Lenovos ThinkPad P50 mit Xeon-Prozessor kommt im November auf den Markt.
Foto: Lenovo

Im Unternehmensgeschäft, zu dem auch die von Intel übernommenen x86-Server gehören, will Lenovo sich verstärkt auf schnellwachsende Segmente wie "Hyperscale"-Rechenzentren großer Internet-Firmen sowie konvergente Systeme (die neben Rechenleistung auch Storage und Netkomponenten enthalten, Anm. d. Red.) fokussieren.

Der Nettogewinn für das Ende Juni abgeschlossene Viertejahr betrug noch 105 Millionen Dollar, weniger als die Hälfte der 214 Millionen aus dem vergleichbaren Vorjahreszeitraum.

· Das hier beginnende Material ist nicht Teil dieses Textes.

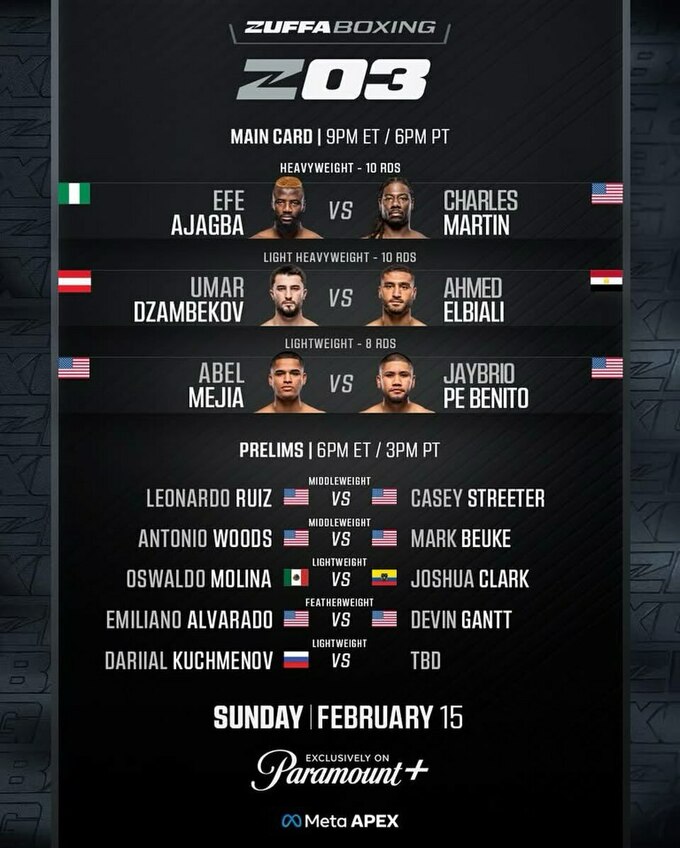В ночь на 16 февраля на арене «Meta Apex» в американском Лас-Вегасе состоится масштабный вечер бокса Zuffa Boxing 03, организованный при поддержке Дэйны Уайта и Турки Аль-Шейха.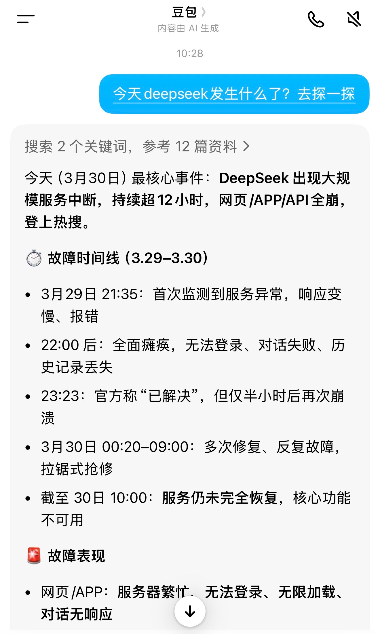 DeepSeek公告服务出现重大中断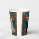 The coaster features a charming stained glass mosaic design of a mouse wedding couple standing under a decorative arch adorned with colorful flowers. The groom, a dapper mouse, wears a tiny black tuxedo with a white bow tie and a small top hat. The bride, a lovely mouse, is dressed in a delicate white wedding gown with a flowing veil, embellished with subtle hints of pastel colors that catch the light beautifully.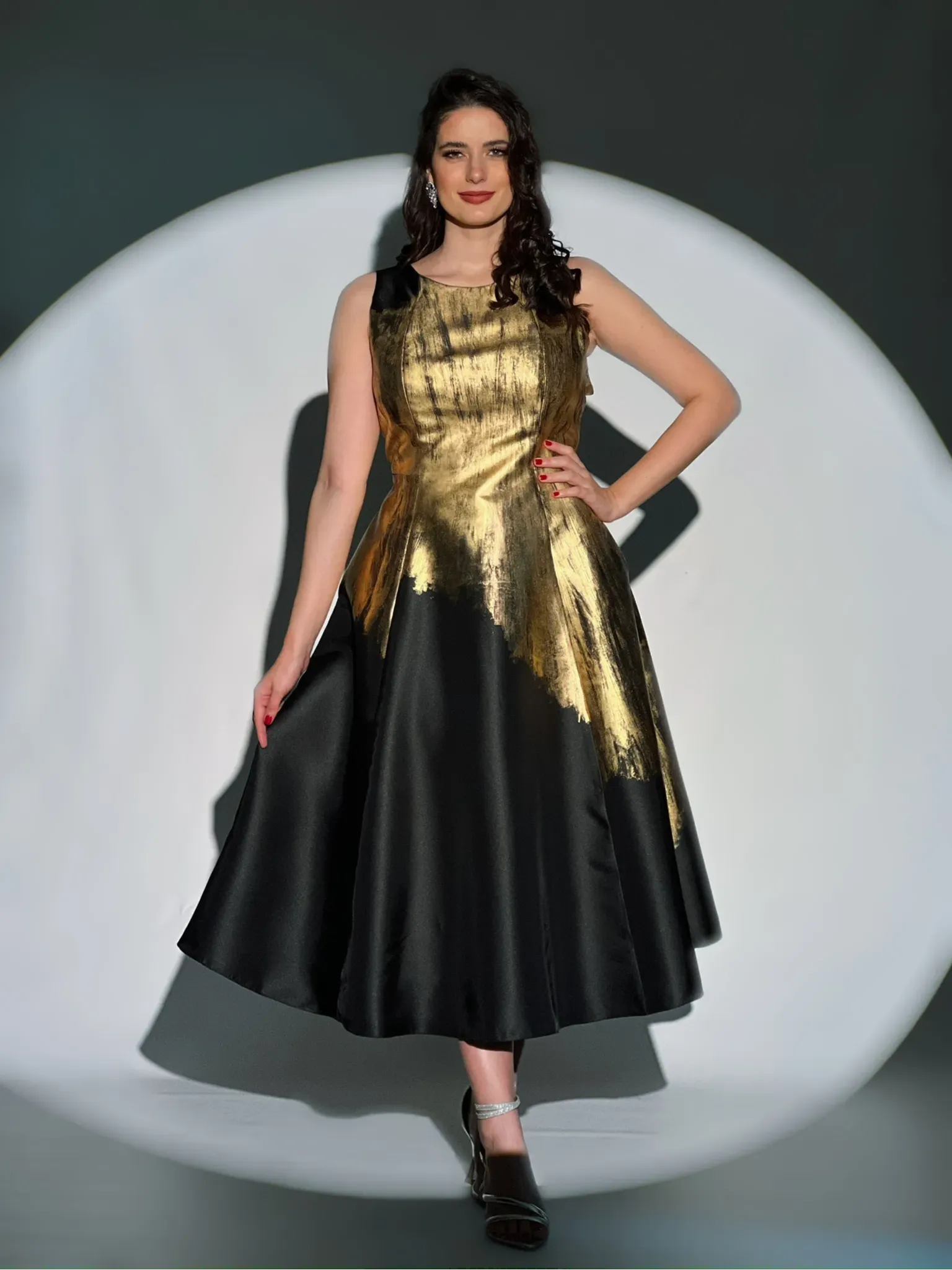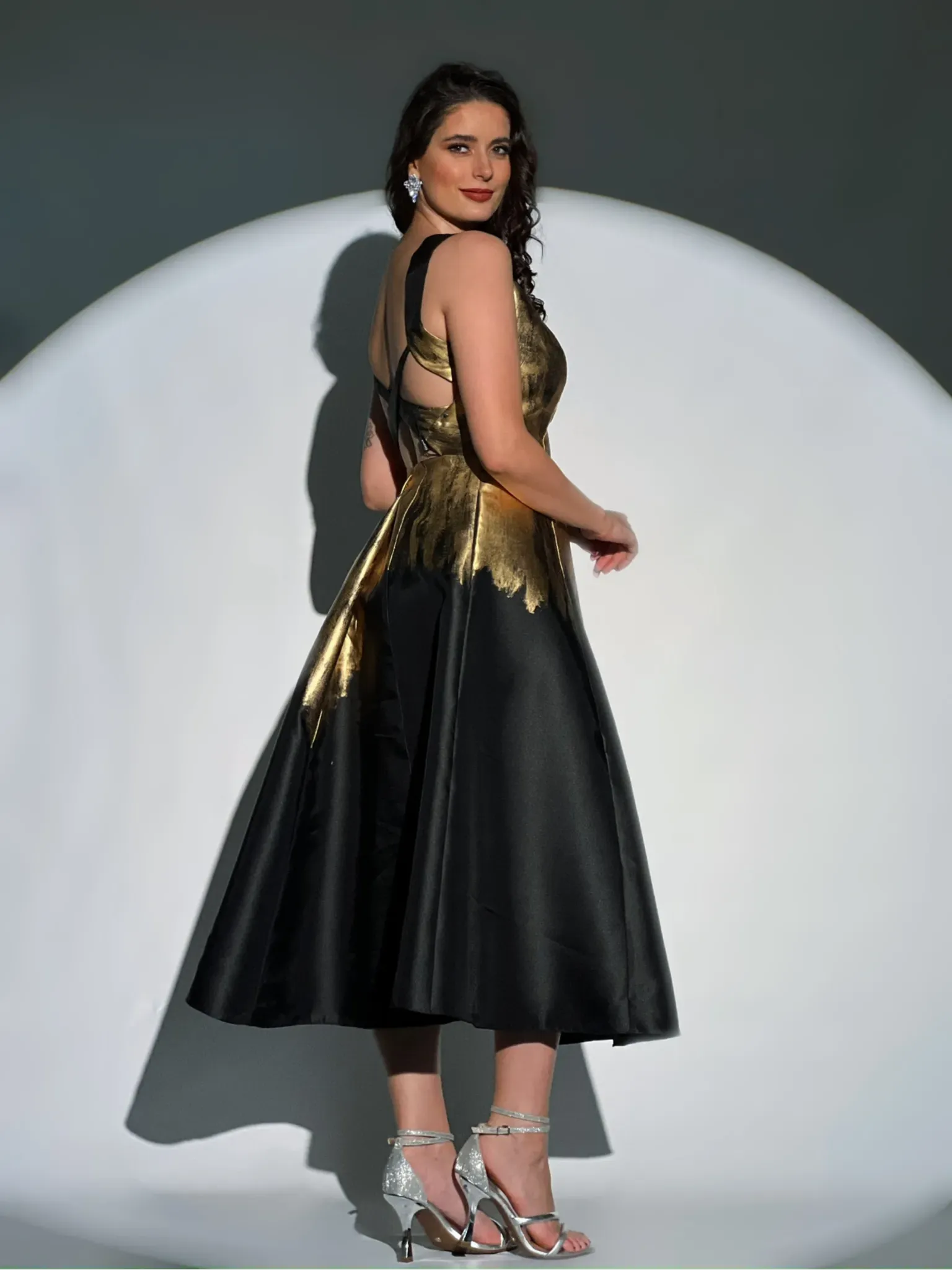Vestido de festa midi preto e dourado com tecido em zibeline

Die Erwartungen oder besser Befürchtungen der Analysten von 86,7 Millionen Dollar übertraf Lenovo damit allerdings deutlich. Den Umsatz konnte das Unternehmen im Jahresvergleich von 10,4 Milliarden Dollar um drei Prozent auf 10,7 Milliarden steigern. Von der aktuellen Abwertung des chineischen Yuan erwartet Lenovo-Finanzchef Wong Waiming übrigens kaum Auswirkungen. Operative Hauptwirkung des Konzerns sei der Dollar; für eine sinkende Nachfrage in China sei die Abwertung nicht stark genug, die Kosten würden entweder die Hersteller oder die Verbraucher abfedern.

Nach Zählung von Gartner konnte Lenovo übrigens im zweiten Quartal mit einem Marktanteil von 19,7 Prozent nach Stückzahlen seine Spitzenposition im weltweiten PC-Markt verteidigen - und dass obwohl Lenovo einräumen musste, dass es im Jahresvergleich erstmals seit dem zweiten Quartal 2013 wieder weniger Rechner loswurde.